Material for this task >>
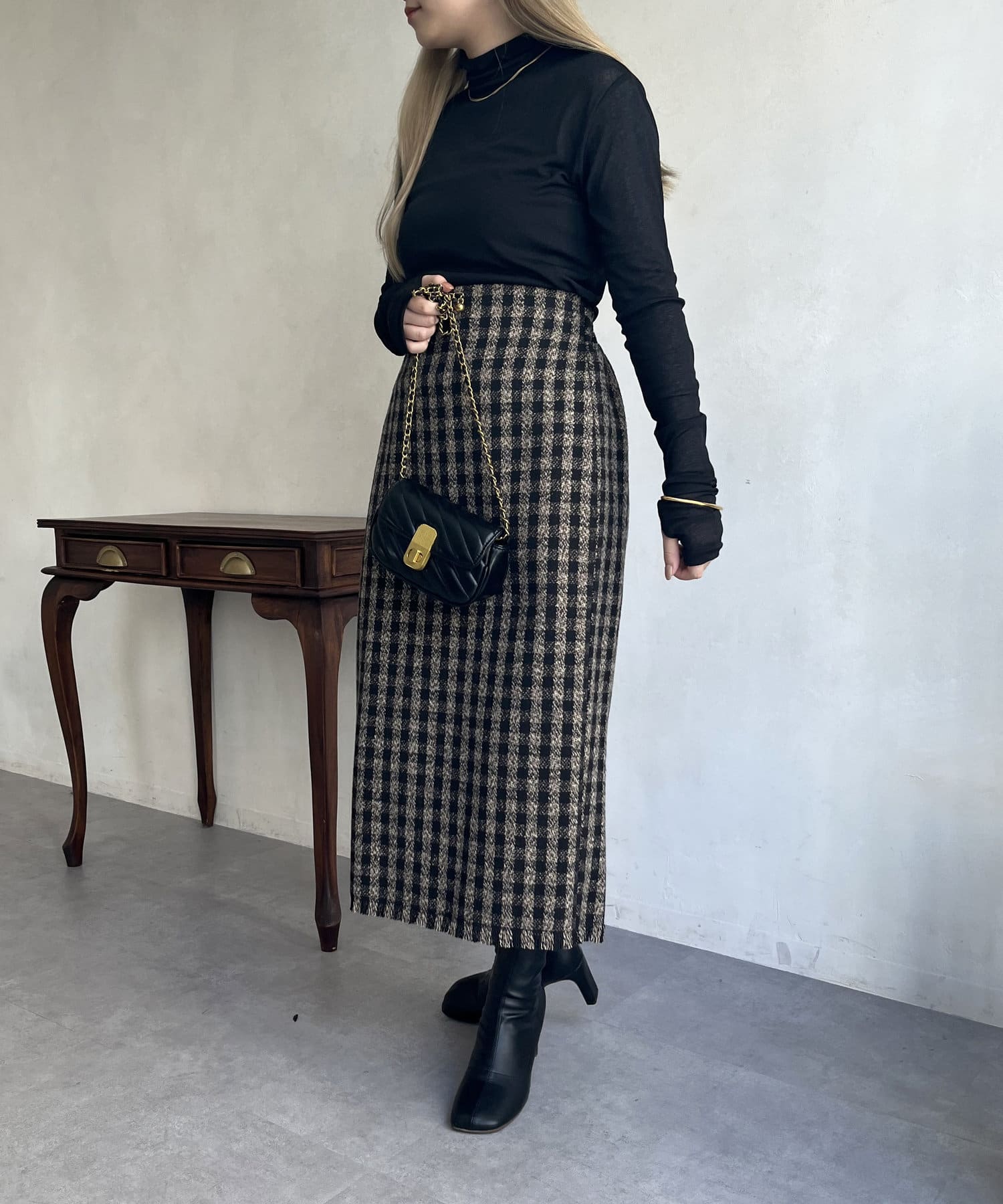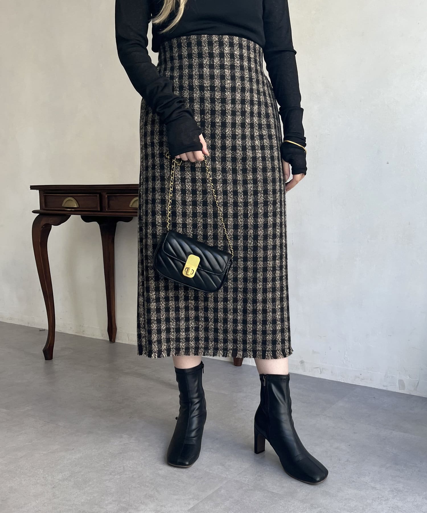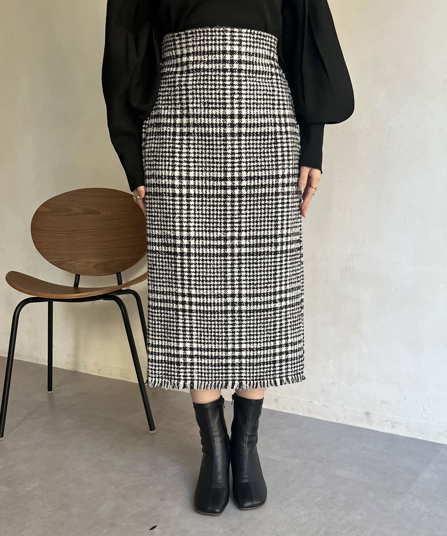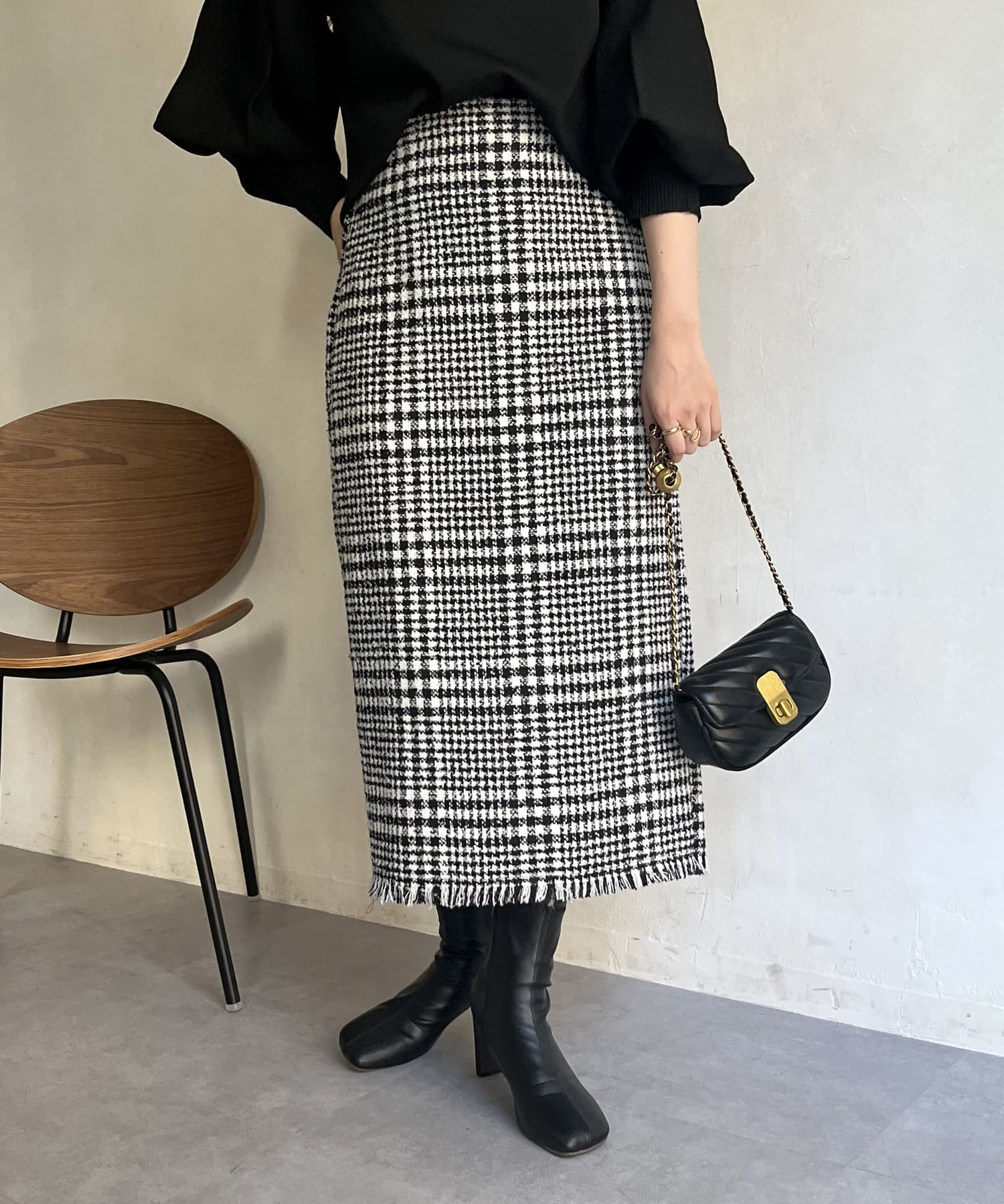 ツイードチェックが一気にシーズンムードにしてくれるタイトスカート
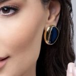 Brinco Banho Ouro 18k – Pedra Obsidiana Negra Perolada
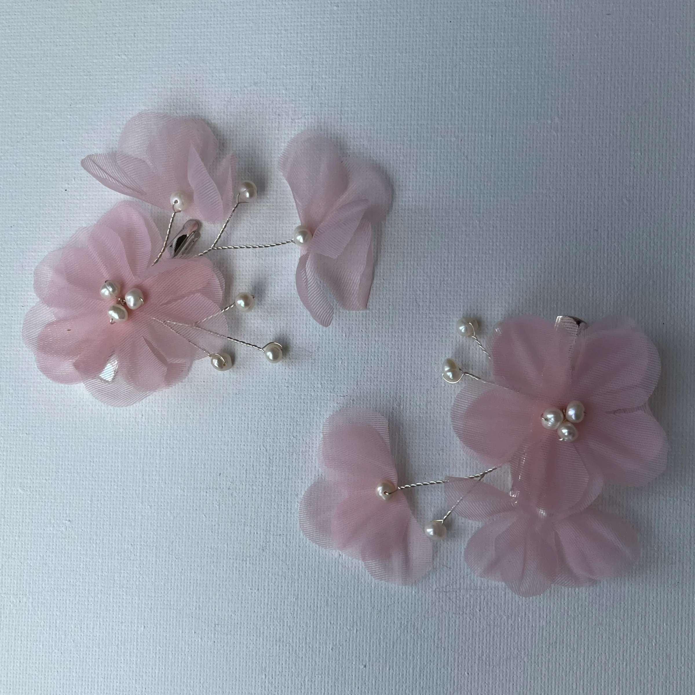De Rose Hairclips (set van 2) van SallyJaneBridal zijn gemaakt van fijne stoffen bloemen en afgewerkt met kleine zoetwaterparels, wat de haaraccessoires een elegante en romantische uitstraling geeft.
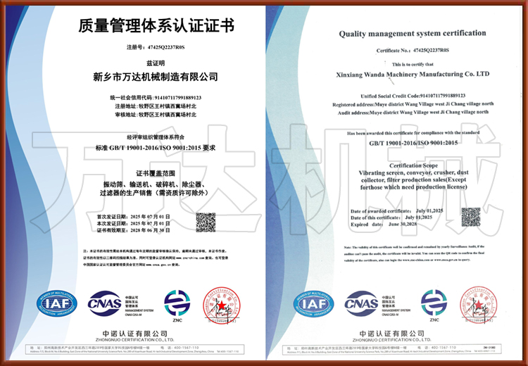 - 萬達機械·資質榮譽WANDA MACHINERY
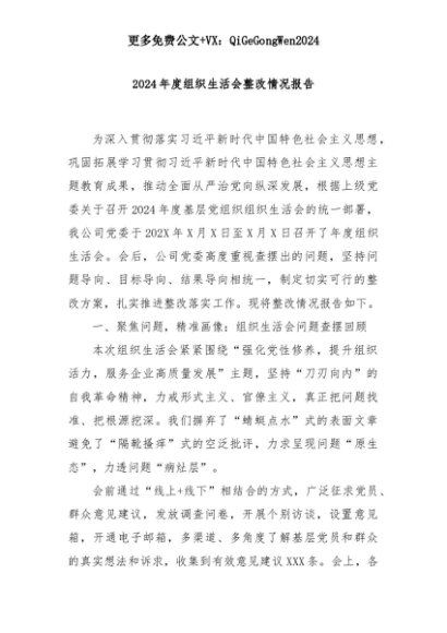 【七哥公文】2025年:2024年度组织生活会整改情况报告+更多免费公文+VX:QiGeGongWen2024+更多免费公文+VX:QiGeGongWen2024
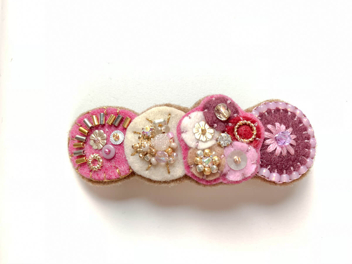 作品名「KAZARI」。ブローチにもクリップにもなる2way仕様のアクセサリーです。
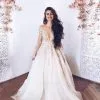 A-Line Sleeveless V-neck Sweep Train Chiffon Beading Wedding Dresses
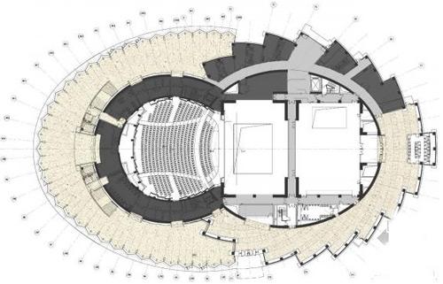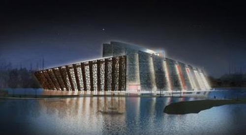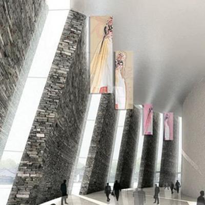 这是由大元建筑及设计事务所设计在建的位于乌镇的剧院项目,这个项目的最大挑战是设计一个足够大的建筑,以容纳两个剧院,分别容纳1200人和600人,同时两个剧院背靠背紧紧相连,还要具有现代的功能,与这个小小的江南水乡相匹配。设计师采用了双莲的隐喻,它们完美生动,共享同一个底盘,包含两个椭圆形的相互交织的形式,一个是透明的一个是非透明的。因为剧院旅游和文化双重功用,剧院的性质是多层次的。它可以进行舞台表演,先锋创作,时尚演出,会议,婚礼等等。游客通过木船或是步行来到剧院,右侧较小的剧院位于一个坚实的体量内,在这里像花瓣一般的由古老巨大的砖块覆盖的厚墙环绕门厅空间。左侧较大的剧院则由蜿蜒扇形的玻璃体覆盖,同时加入中式窗户的造型,它在夜晚闪闪发光,并倒影在水中,为早已梦幻的南方水乡又添浪漫。这个项目还包含一个对老剧院的翻修和对一个水上剧院的改造。
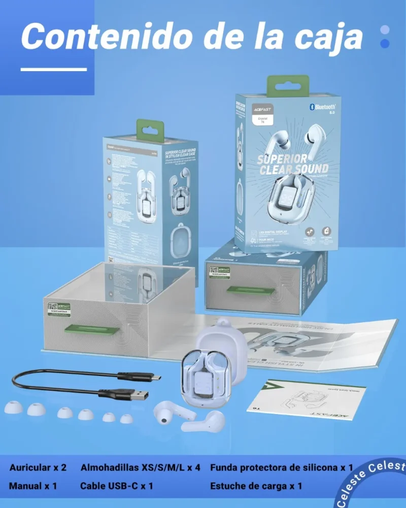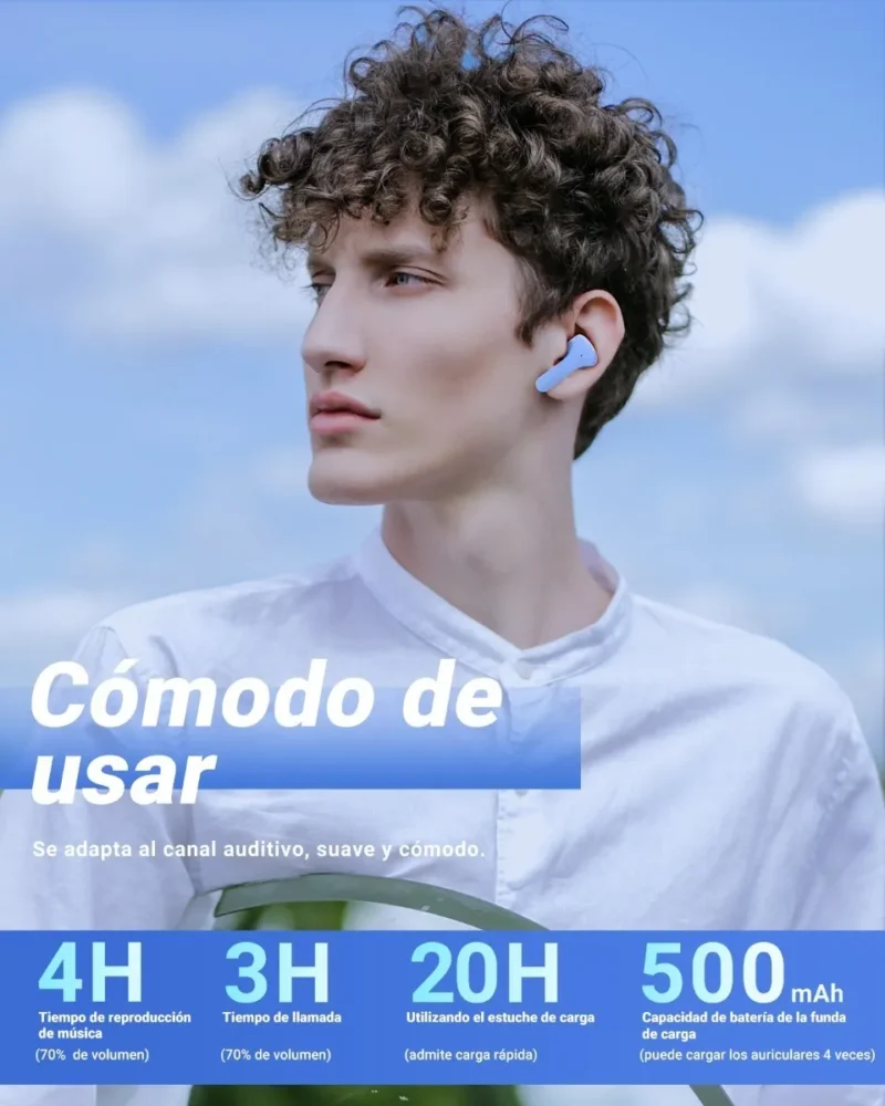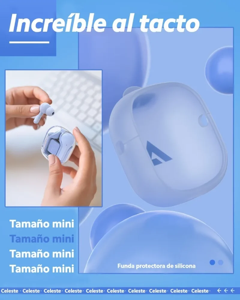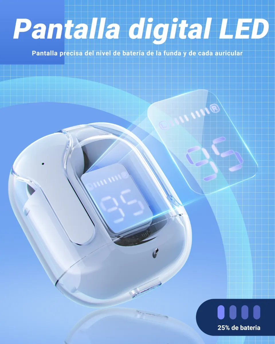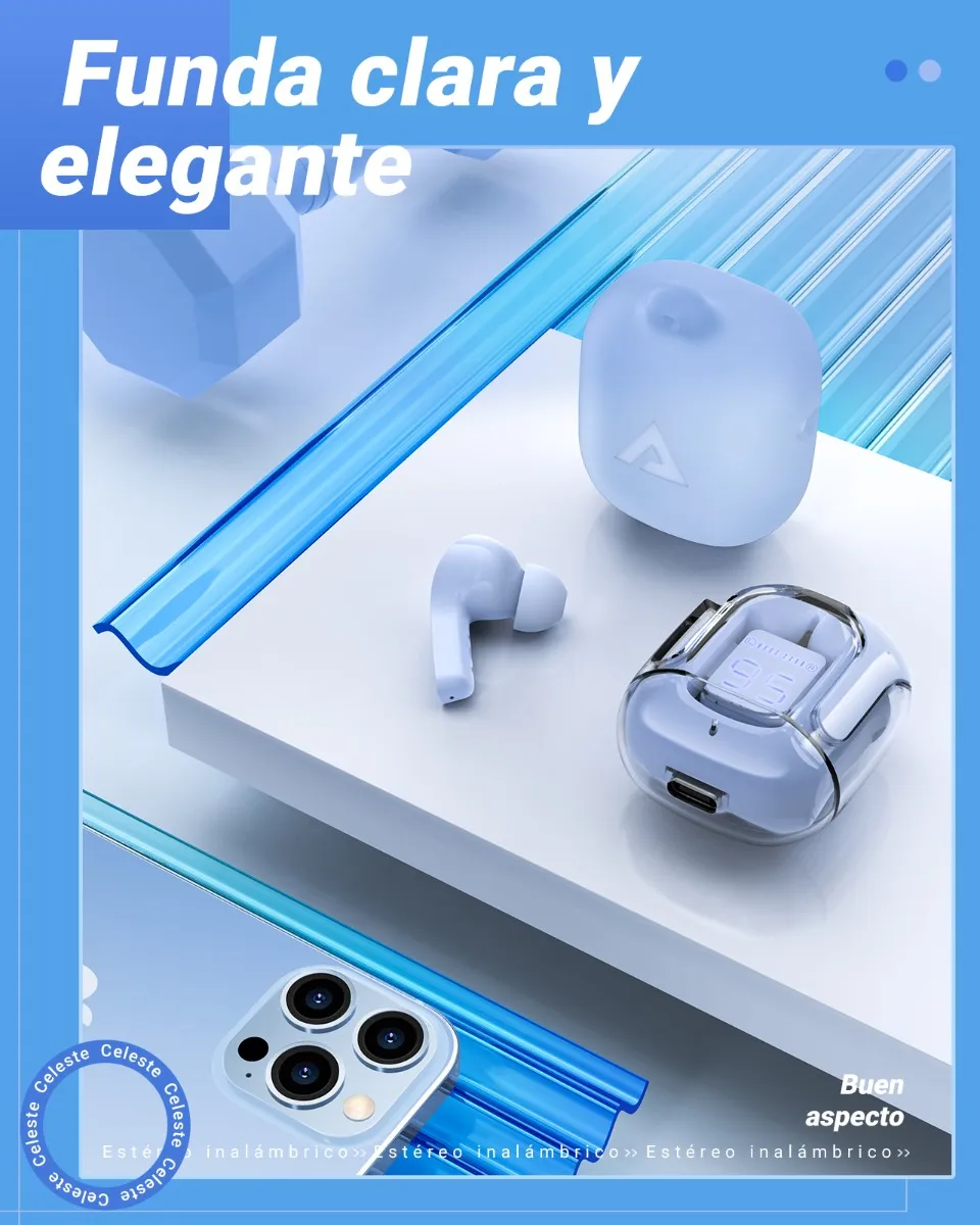 Diseño de moda: auriculares inalámbricos en la oreja, apariencia colorida y transparente, a la moda y únicos, cómodos de usar, lo que garantiza la máxima comodidad durante el uso prolongado.
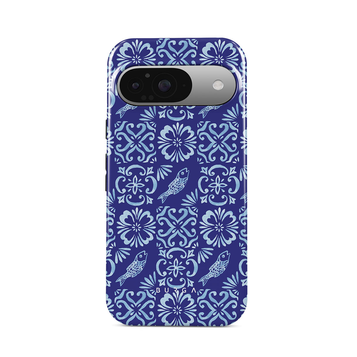 En este diseño: patrones de azulejos portugueses, azules profundos, patrones florales, flores, peces
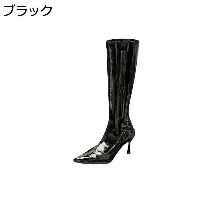 エナメル ロングブーツ ピンヒール ポインテッドトゥ 長ブーツ レディース モード系 美脚 モード系・・・
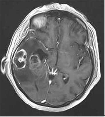 Наблюдение 1. У пациентки 70 лет за 2 мес до госпитализации появилась и стала нарастать слабость в левых конечностях, ухудшилась память на текущие события, снизилась критика собственного состояния. При магнитно-резонансной томографии (МРТ) была диагностирована внутримозговая опухоль правой височной доли с зоной перифокального отека (рис. 1).
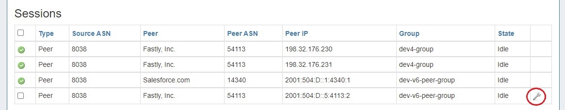 Once imported, you can manage and configure your sessions from the Peering Tab.
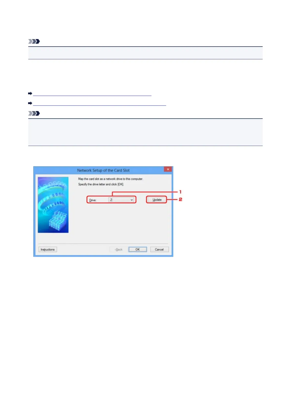 Displays settings of the card slot and allows you to map a card slot on the network as a network drive on the

Task to complete >>
Repeat word for word only the lines from the line holding "エナメル ロングブーツ ピンヒール" to the final line of the material, both included. Don't carry over any picture.

Final answer >>
 エナメル ロングブーツ ピンヒール ポインテッドトゥ 長ブーツ レディース モード系 美脚 モード系・・・
 Наблюдение 1. У пациентки 70 лет за 2 мес до госпитализации появилась и стала нарастать слабость в левых конечностях, ухудшилась память на текущие события, снизилась критика собственного состояния. При магнитно-резонансной томографии (МРТ) была диагностирована внутримозговая опухоль правой височной доли с зоной перифокального отека (рис. 1).
 Once imported, you can manage and configure your sessions from the Peering Tab.
 Displays settings of the card slot and allows you to map a card slot on the network as a network drive on the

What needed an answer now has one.